The spokespersons of the intelligence community promise in hearings, when asked about multiplying reports of lawless surveillance of the American people, that they intend to adhere to a “culture of compliance.”
But compliance with what?
A glimpse into official thinking can be seen in internal documents recently released by the FBI that give guidance to agents searching the vast oceans of data swept up under the authority of the Foreign Intelligence Surveillance Act (FISA). It includes procedures for reviewing Americans’ communications collected without a warrant under Section 702, the authority devised for surveilling foreigners abroad. It details the ways in which agents can, under rules established by the secret FISA Court, search these records for evidence of a crime not relating to national security, even though the primary purpose Congress crafted FISA and Section 702 was to catch foreign terrorists and spies.

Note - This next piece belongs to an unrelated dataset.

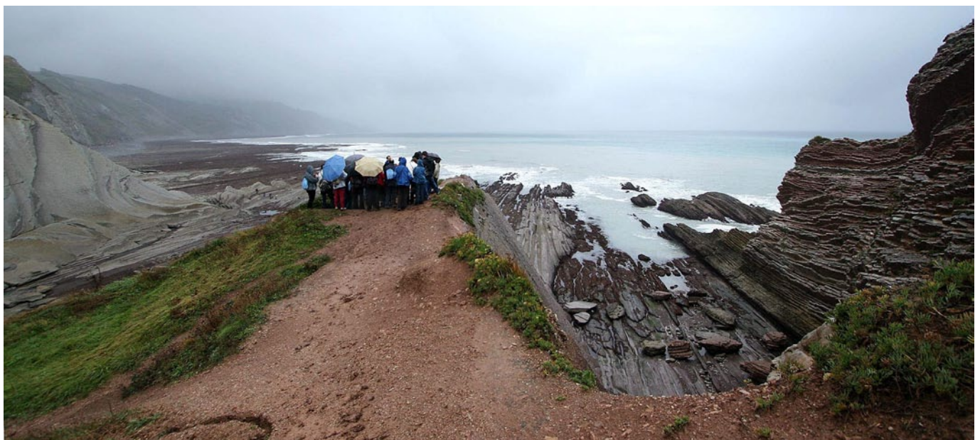
Fig.15. Visita guiada al Biotopo del Litoral Deba-Zumaya, incluido en el Geoparque de Costa Vasca, declarado en 2010.

actualmente evaluados para determinar su posible ingreso en la Red Europea.

This workaround rests on the fact that with the global integration of communications, it is impossible to sweep up large amounts of communications without “incidentally” sweeping up the communications of Americans. The culture of compliance at the FBI is about compliance with its own internal rules. These documents demonstrate the extent to which queries about U.S. persons Section 702 data – performed more than 200,000 times last year alone – have become the FBI’s honeypot for domestic surveillance.
That is why 702 information has been used in investigating purely domestic crimes and investigations, from bribery to health care fraud – hardly matters of national security.
These documents show the extent to which the FBI has elaborate rules in place to sanitize the ways agents access this information to obtain Americans’ communications in a domestic criminal investigation. But you will search this document in vain for mention of the words “privacy,” “warrants,” and “Fourth Amendment.”
How’s that for an idea – a culture of compliance with the U.S. Constitution?